Assignment: If a line of the data contains the word "texture", it is counted; report how many such lines there are and nothing else.

──────── Source data

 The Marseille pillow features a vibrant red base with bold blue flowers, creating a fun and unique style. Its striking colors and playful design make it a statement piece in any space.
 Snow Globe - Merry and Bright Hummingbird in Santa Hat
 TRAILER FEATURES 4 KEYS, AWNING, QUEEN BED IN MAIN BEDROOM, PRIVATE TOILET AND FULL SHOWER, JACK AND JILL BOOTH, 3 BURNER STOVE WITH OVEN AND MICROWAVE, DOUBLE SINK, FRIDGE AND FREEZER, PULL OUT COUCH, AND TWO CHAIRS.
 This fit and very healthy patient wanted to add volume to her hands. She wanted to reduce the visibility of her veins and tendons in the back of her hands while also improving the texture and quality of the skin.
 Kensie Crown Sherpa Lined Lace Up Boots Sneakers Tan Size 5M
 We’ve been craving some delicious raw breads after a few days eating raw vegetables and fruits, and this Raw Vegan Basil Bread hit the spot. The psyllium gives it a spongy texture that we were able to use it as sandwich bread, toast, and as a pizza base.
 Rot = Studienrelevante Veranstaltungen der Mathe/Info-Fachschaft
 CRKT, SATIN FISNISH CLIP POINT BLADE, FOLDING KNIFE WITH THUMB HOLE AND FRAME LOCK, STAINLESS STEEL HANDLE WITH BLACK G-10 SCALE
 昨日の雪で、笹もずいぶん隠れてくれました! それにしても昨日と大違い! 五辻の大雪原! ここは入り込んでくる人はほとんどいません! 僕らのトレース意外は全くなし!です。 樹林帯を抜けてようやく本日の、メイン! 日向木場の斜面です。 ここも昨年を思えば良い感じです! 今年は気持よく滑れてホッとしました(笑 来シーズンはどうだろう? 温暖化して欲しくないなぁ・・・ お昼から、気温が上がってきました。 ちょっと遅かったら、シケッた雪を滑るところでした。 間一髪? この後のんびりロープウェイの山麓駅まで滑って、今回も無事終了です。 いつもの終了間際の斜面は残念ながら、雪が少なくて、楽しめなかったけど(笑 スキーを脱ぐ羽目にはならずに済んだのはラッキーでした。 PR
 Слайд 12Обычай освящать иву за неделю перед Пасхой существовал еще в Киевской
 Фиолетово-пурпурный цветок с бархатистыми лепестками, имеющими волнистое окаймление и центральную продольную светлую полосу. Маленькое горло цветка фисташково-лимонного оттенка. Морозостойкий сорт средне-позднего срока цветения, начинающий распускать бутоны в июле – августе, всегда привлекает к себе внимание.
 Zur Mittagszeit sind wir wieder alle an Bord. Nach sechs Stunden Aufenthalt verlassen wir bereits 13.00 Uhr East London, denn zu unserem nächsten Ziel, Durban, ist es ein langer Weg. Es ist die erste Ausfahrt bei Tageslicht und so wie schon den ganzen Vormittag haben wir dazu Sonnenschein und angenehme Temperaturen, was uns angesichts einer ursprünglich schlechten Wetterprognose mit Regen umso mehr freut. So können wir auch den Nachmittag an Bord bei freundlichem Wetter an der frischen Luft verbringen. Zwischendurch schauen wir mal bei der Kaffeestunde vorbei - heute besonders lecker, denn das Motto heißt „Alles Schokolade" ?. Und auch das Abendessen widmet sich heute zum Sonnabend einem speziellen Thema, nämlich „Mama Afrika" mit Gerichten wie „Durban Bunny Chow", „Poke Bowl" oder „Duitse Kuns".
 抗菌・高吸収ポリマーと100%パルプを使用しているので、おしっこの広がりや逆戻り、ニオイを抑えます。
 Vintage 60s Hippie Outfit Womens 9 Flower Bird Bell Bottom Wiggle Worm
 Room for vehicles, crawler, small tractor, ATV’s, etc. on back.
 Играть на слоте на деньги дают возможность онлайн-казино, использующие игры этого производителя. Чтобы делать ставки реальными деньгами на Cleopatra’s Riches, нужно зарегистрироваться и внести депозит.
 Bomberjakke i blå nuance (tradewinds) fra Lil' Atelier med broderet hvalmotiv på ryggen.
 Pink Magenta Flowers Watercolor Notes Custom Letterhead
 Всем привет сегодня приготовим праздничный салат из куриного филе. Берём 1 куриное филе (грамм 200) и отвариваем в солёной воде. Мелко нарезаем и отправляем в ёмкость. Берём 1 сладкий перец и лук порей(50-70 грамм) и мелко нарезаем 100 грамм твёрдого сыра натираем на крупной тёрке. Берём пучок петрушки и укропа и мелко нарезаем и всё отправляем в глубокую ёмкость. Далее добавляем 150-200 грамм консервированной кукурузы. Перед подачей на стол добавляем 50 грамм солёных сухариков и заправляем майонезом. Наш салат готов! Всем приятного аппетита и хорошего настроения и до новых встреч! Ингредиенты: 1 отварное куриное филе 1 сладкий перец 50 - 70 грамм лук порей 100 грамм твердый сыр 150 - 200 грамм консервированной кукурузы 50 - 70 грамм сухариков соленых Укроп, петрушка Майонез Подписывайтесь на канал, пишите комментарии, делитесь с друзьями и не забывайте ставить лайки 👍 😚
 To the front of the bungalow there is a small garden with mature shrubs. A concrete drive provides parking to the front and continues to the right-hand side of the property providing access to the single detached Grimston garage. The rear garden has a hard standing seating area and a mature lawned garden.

────────────────

Expected answer: 2